Эраст Петрович одобрительно кивнул. Ему понравилось, что молодой человек не юлит, не теряет самообладания, а главное – не отнимает лишнего времени.

– Вы мне симпатичны, я не ж-желаю вашей гибели. У вас два часа, чтобы скрыться. Перед отъездом я отправлю Гай-Гаевскому записку, в которой сообщу всё. Так что советую немедленно исчезнуть.

Он поднялся, считая разговор оконченным, но встал и капитан.

– Попытаетесь меня убить? – чуть удивился Фандорин. – Не рекомендую.

– Нет. Я знаю, что орех мне не по зубам… Мне было ясно, что рано или поздно вы сделаете выбор. Надеялся, что иной… Вы же умный человек. Неужто вы не понимаете, что настоящая Россия с нами, а не с ними?

– С т-товарищем Заенко? С заплеванными улицами, загаженными храмами, растоптанной культурой?

– А что, если Россия такая и есть? Что, если ту Россию, которая вам нравится, придумали Пушкин с Тургеневым? А настоящая – это Стенька Разин и Емелька Пугачев. Вы свой собственный народ-то знаете? Конечно, можно снова загнать его в подвалы и бараки, можно посадить на цепь. Но для этого придется пролить очень много крови, тут Аркаша Скукин на сто процентов прав. Никакого Пушкина с Тургеневым у белых все равно не получится. Не правильнее ли перестать себя обманывать? Признать, что Россия – не клумба с цветочками, а навозная куча. Не закрывать нос надушенным платочком, а взяться за лопаты, не бояться грязи. И тогда через сто лет, может быть, страна превратится в цветник.
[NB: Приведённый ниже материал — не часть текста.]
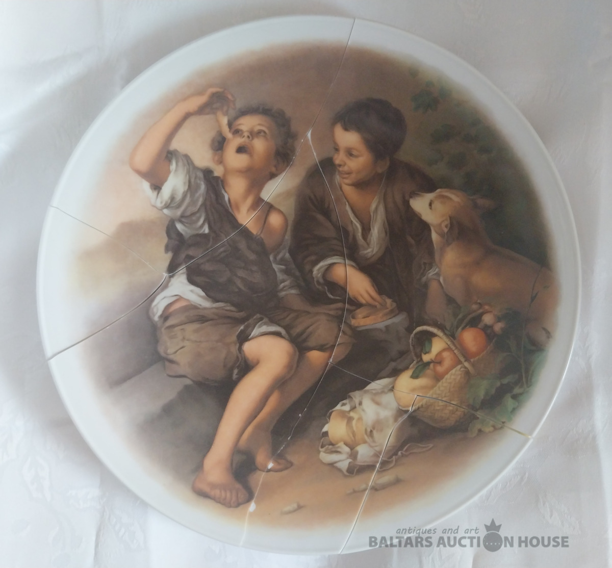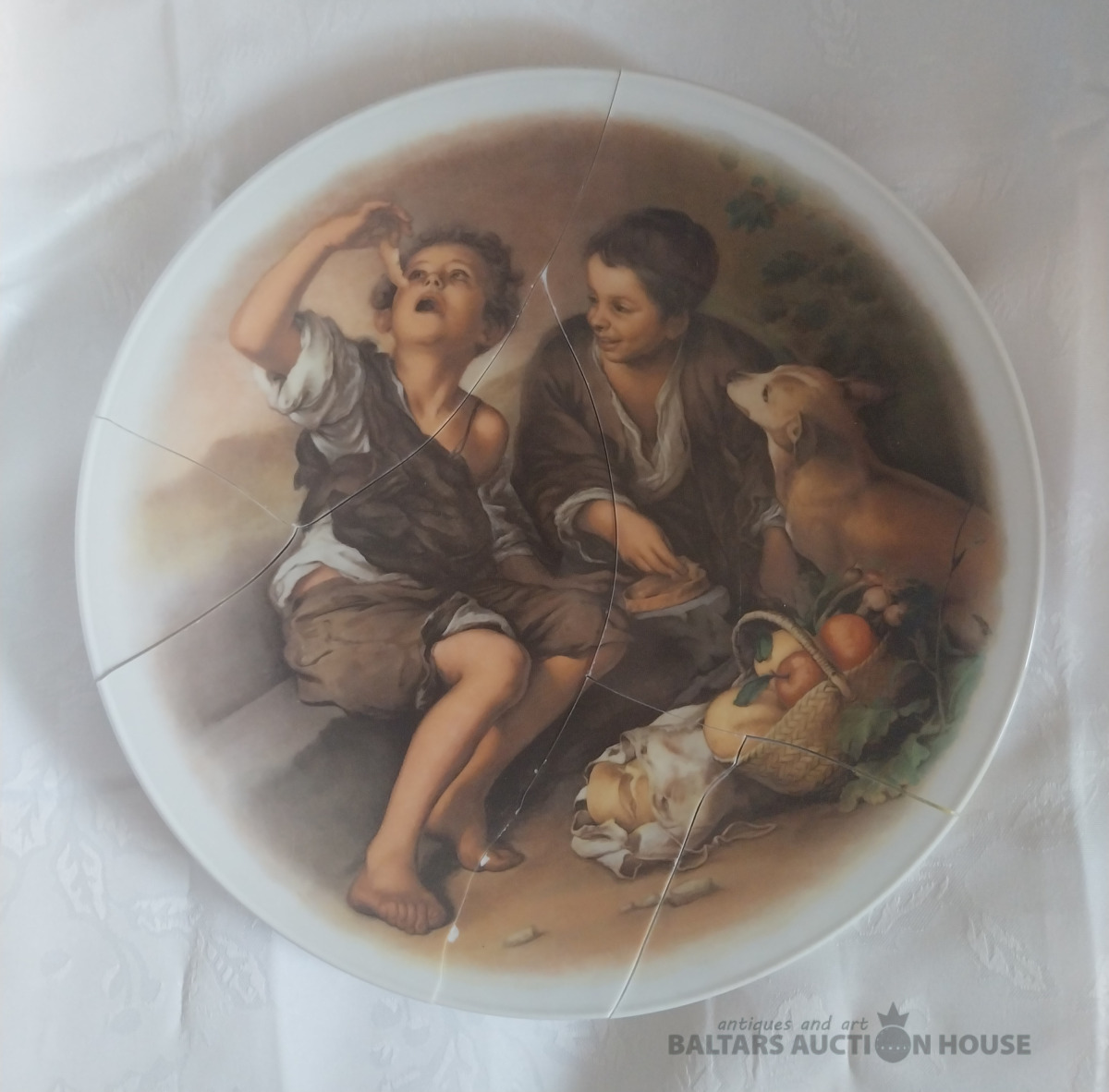 Dekoratīvs gleznas škīvis. Vācija. nr 1. Porcelāns. Sašķelts, nepieciešama restaurācija jeb daļas rokdarbiem. D ~ 23 cm.

– Скукин – авантюрист и сяожэнъ. Ему не позволят распоряжаться судьбами России, а ваша аллегория хромает. Г-грязи надо бояться. Собственно, только ее в жизни и надо бояться. Если вы перестанете умничать про правильность и просто прислушаетесь к себе, внутренний голос всегда объяснит вам, что правильно, а что нет… А впрочем, это ваша карма.

И Фандорин вышел.

Не прощаюсь

…И мы выныриваем из совсем темной, до черноты, до слепоты темной подворотни на залитую солнцем улицу.

Ты зажмуриваешься от яркого света.

– Где мы? – спрашиваешь ты, и я вспоминаю, что ты плохо знаешь Москву.

– На Никольской улице. Налево, в двух минутах, Красная площадь. Видишь, как ловко я тебя вывел? Это мой город. Я знаю здесь каждый закоулок. Идем!

Меня переполняет бодрая сила, звенящая легкость. Я чувствую себя – нет, не молодым, я чувствую себя совершенным.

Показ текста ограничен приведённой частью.